Tuesday, May 23, 2006

FDA Guidance threatens health of volunteers

In April 2005, the FDA released its Draft Guidance for Industry on Exploratory Investigational New Drug Studies. This document states a new class of early clinical trials that would be conducted before full-on drug development. The new class of trial is called "Phase Zero". The logic behind this class is that it will be cost-efficient testing of potential drug compounds on human subjects for pharmaceutical companies and could reduce the number of human subjects required in later trial stages. Phase zero studies do not examine safety and efficacy of a compound.
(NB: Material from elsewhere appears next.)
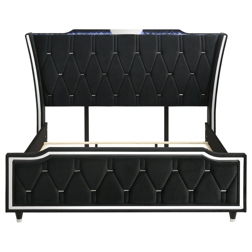 Indulge in soft glamour with this wingback bed, richly upholstered in a luxurious black velvet. A tall, button-tufted headboard curves outward with sculptural wings and a built-in LED crown accent for ambient glow. The padded footboard echoes the headboard’s tufted detail and rests on solid rubberwood legs for a touch of airy elegance. Crafted from solid and engineered wood, this foundation-ready frame is a statement in luxury and comfort.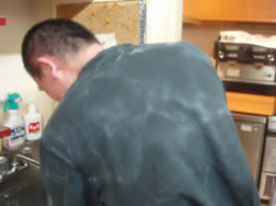 2003年から、コツコツと更新してまいりました このホームページも、チョコチョコと覗いてくださるお客様方のお陰で、 昨日、無事アクセス数10万を突破する事ができました。 本当に有難うございます。これからも、少しづつではございますが、 なるべく、自分らしくお客様にリアルタイムで、お店の情報をお知らせできるようにと 思っておりますので、どうぞよろしくお願い致します。 それから先週土曜日に、今年初の岩牡蠣 <夏が旬のクリーミーな味わいの大きな牡蠣です> が入荷致しましたが、たまたまご来店下さったお客様方が 牡蠣好き?だった事もあり、 あっと言う間に完売してしまいました。 がしかし、只今大急ぎで新しい物を注文している最中でございますので ご希望のお客様は楽しみにしていてくださいね。 それから、この岩牡蠣については毎年ながら、非常に天候に左右されますので、 もし、運良く入荷している時に、ご来店頂いたお客様は、是非お見逃しなく。 トライしてみて下さい。酸味の利いたサッパリとしたレモンのジュレと よりクリーミーさを引き出すために、サッと火を入れた超レアー状態の岩牡蠣は きっと皆様の記憶に残る1品となる事でしょう。オホ それでは、今週は、もう一度、新登場のメニュー写真と紹介文を アップする予定ですので、お楽しみに。この辺で一旦失礼いたします。 追伸・最近、気温が ググッと上がってきた為、シェフのいる調理場は サービス中、40度以上になる事も多々あり・・ティーシャツが塩だらけになってしまうのです そんな恐るべし姿をちょっぴりアップしてみました。 それから、先週アメリカから一時帰国されていた永田さん無事アメリカに到着しましたか? また、シンガポールやニューヨークからお仕事で一時帰国されているお忙しい中を わざわざ、お顔を見せに入らして下さったお客様、本当に有難うございました。 それから、仙台の鈴木さん土曜日は突然でビックリしましたが、遠い所を お立ち寄りくださり有難うございました。 また、シェフと言う本を見て、大阪から入らして下さったお客様も有難うございました。 シェフも、皆様と久しぶりに、お会い出来て非常に喜んでおりました。

They have been developed to strictly gather data on compound targetting, action and metabolism in the human body.

Straight out of the gate - the FDA is facing a big problem.

In March 2006, a monoclonal antibody (TGN1412) developed by a German company, TeGenero, was part of one of these early trials conducted by an American company, Parexel, at Northwick Park Hospital, London. The result, well publicized now, is that 6 of 8 healthy men involved in a double blind trial of this antibody suffered terrible adverse reactions. Within minutes of injection, the men were writhing and screaming in pain (Bhattacharya and Coghlan, New Scientist. March 23, 2006). All six experienced multiple organ failure and have since developed severe head and neck swelling that has given them an "Elephant Man" appearance - an effect that may be related to the enaction of ordinarily quiesscent regulatory T cells.

It is now apparent that TeGenero was aware that this adverse affect was a possibility. Not only had an article been published in Clinical Immunology ahead of the trial, suggesting human cells may react poorly to the drug - but TeGenero's non-human primate studies indicated that TGN1412 caused severe neck swelling upon injection (Guardian, March 20, 2006). Reportedly, TeGenero and Parexel broke with informed consent. Multiple participants have reported that they were told by company representatives that animal trials had not produced adverse reactions.

The TGN1412 trial is the direct result of a market driven FDA and the illicit conduct of a pharmaceutical company.

The U.S. Food and Drug Adminstration is a market driven department, a point emphasized by the Prescription Drug User Fee Act (PDUFA) of 1992. With that legislation, the FDA instituted user fees which were put directly towards staff hires and various other resources that would speed drug approvals. They also placed themselves at the behest of the companies that pay the fees to have their drugs reviewed. An awkward situation that has led to faster approvals, but is coincident with 10% increase in drug withdrawals. The release of Draft Guidance for Industry on Exploratory Investigational New Drug Studies is a reflection of the FDA's market driven mandate and an exploitation of the potential conflict of interest that PDUFA created.

The TGN1412 trial is being characterized by the pharmaceutical lobby as bathwater (Wadman. March 22, 2006. Nature). This is, however, a trial that would not have occurred without the intitution of phase zero trials. The conduct of the parties involved in the TGN1412 trial greatly violated the rights of clinical trial subjects. This should not be reduced to an unfortunate incident that was could not have been foreseen. This should be all the reason to demand that FDA repeal this guidance in the interests of providing stronger regulatory language that better protects the rights of trial subjects.

Write to your senator. Ask to have this guidance reviewed, revised, repealed. Ask for revisions that provide greater protection to human test subjects in phase zero clinical trials.